Task directions
All lines from the top of the records below through the line holding "松下(Panasonic)小锤子电动剃须刀 男士充电往复立体浮动式刀头 高速磁悬浮马达ES-PLM3BS405", and only those, should be printed exactly, minus the pictures.

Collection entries
━━━━━━━━━━

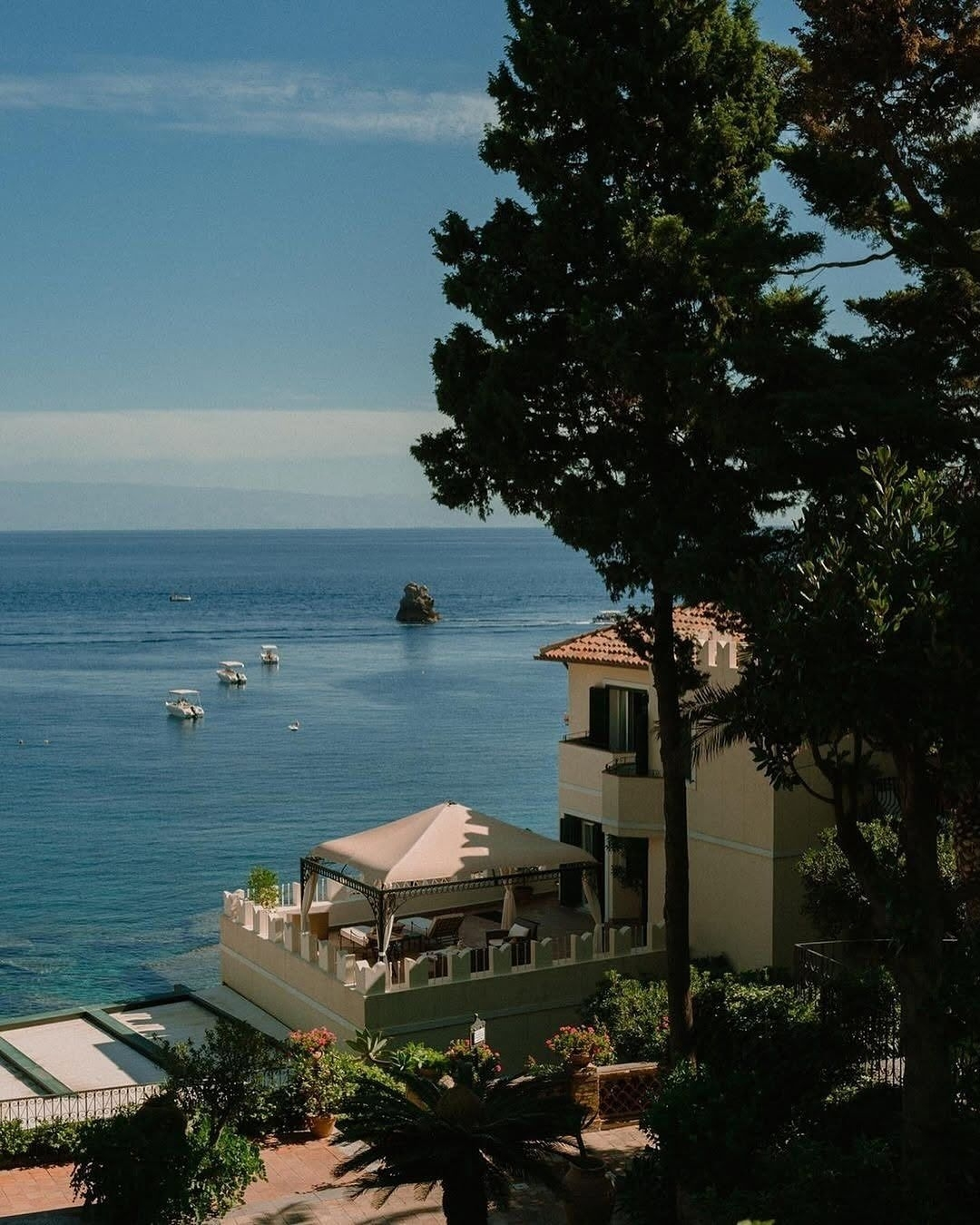 Perched right on the bay, Belmond Villa Sant’Andrea feels like a secret Sicilian dream. Once an aristocratic family's summer retreat, it’s now a lush seaside sanctuary wrapped in tropical gardens and bathed in Mediterranean sunlight. Imagine enjoying breakfast while overlooking the waves, relaxing in pure tranquility during the afternoons, and strolling through Taormina’s chic boutiques in the evening via the three-minute cable car. It's elegant without being excessive, making it perfect for couples who crave both serenity and style.
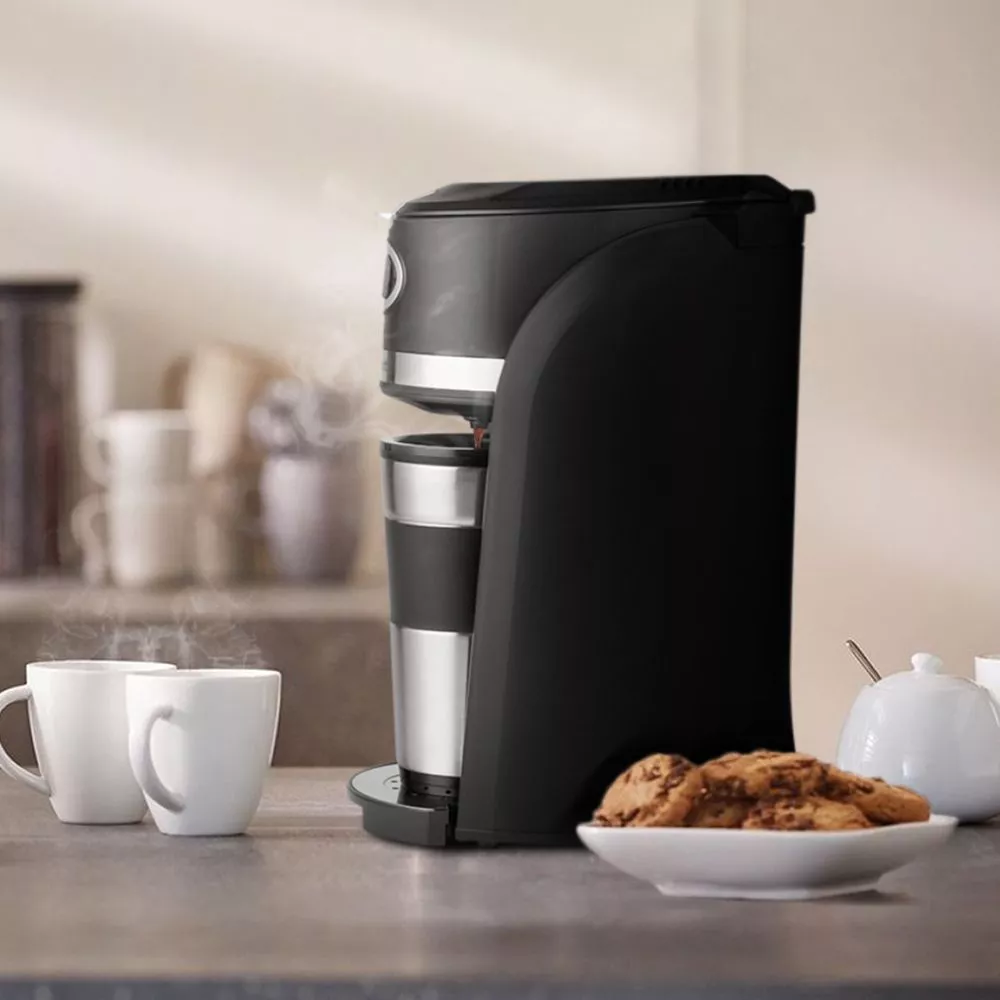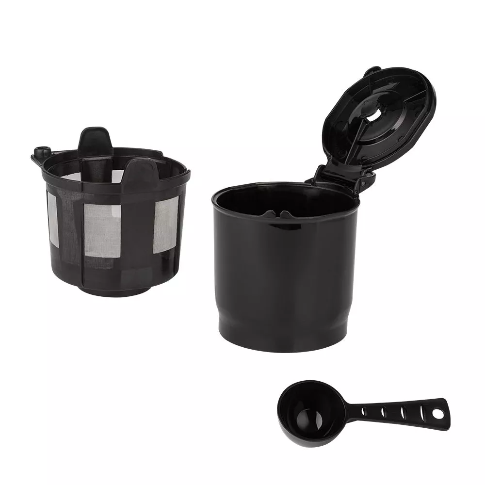В кофеварке вода доводится до температуры 80-90 °С, после чего поступает в фильтр с кофе. Сетка фильтра кофемашины изготовлена из нержавеющей стали и подходит для использования неограниченное количество раз. В резервуаре для воды есть отметки 300, 360 и 420 мл.
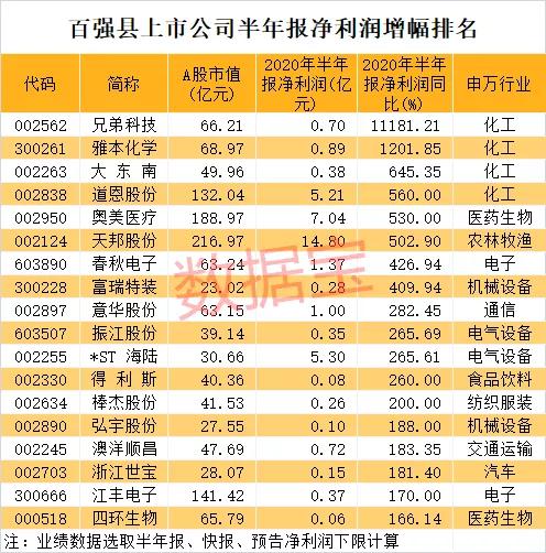 从业绩表现来看,2019年百强县上市公司合计实现营收1.49万亿元,占A股总数比例为2.97%;合计实现盈利863.47亿元,占A股总数比例为2.3%。今年突如其来的新冠肺炎疫情,对实体经济造成了较大冲击,百强县域内上市公司也受到波及。据统计,按照半年报、快报、业绩预告净利润下限计算,百强县域内共计64家上市公司今年上半年净利润有望同比增长,占比55.65%。
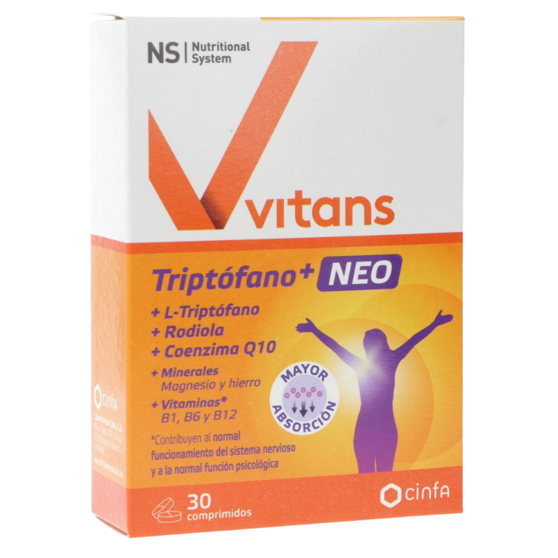 Ns Vitans Triptófano+ Neo es un complemento alimenticio con una innovadora molécula formada por un núcleo de triptófano recubierto por coenzima Q10 altamente biodisponible:
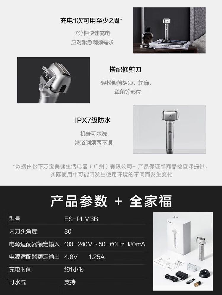 松下(Panasonic)小锤子电动剃须刀 男士充电往复立体浮动式刀头 高速磁悬浮马达ES-PLM3BS405
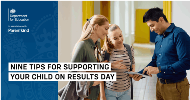See the tips from Parentkind, the Department of Education have released on how to support your child on results day on both A Level and GCSE Results Day

━━━━━━━━━━

Result of this task
 Perched right on the bay, Belmond Villa Sant’Andrea feels like a secret Sicilian dream. Once an aristocratic family's summer retreat, it’s now a lush seaside sanctuary wrapped in tropical gardens and bathed in Mediterranean sunlight. Imagine enjoying breakfast while overlooking the waves, relaxing in pure tranquility during the afternoons, and strolling through Taormina’s chic boutiques in the evening via the three-minute cable car. It's elegant without being excessive, making it perfect for couples who crave both serenity and style.
В кофеварке вода доводится до температуры 80-90 °С, после чего поступает в фильтр с кофе. Сетка фильтра кофемашины изготовлена из нержавеющей стали и подходит для использования неограниченное количество раз. В резервуаре для воды есть отметки 300, 360 и 420 мл.
 从业绩表现来看,2019年百强县上市公司合计实现营收1.49万亿元,占A股总数比例为2.97%;合计实现盈利863.47亿元,占A股总数比例为2.3%。今年突如其来的新冠肺炎疫情,对实体经济造成了较大冲击,百强县域内上市公司也受到波及。据统计,按照半年报、快报、业绩预告净利润下限计算,百强县域内共计64家上市公司今年上半年净利润有望同比增长,占比55.65%。
 Ns Vitans Triptófano+ Neo es un complemento alimenticio con una innovadora molécula formada por un núcleo de triptófano recubierto por coenzima Q10 altamente biodisponible:
 松下(Panasonic)小锤子电动剃须刀 男士充电往复立体浮动式刀头 高速磁悬浮马达ES-PLM3BS405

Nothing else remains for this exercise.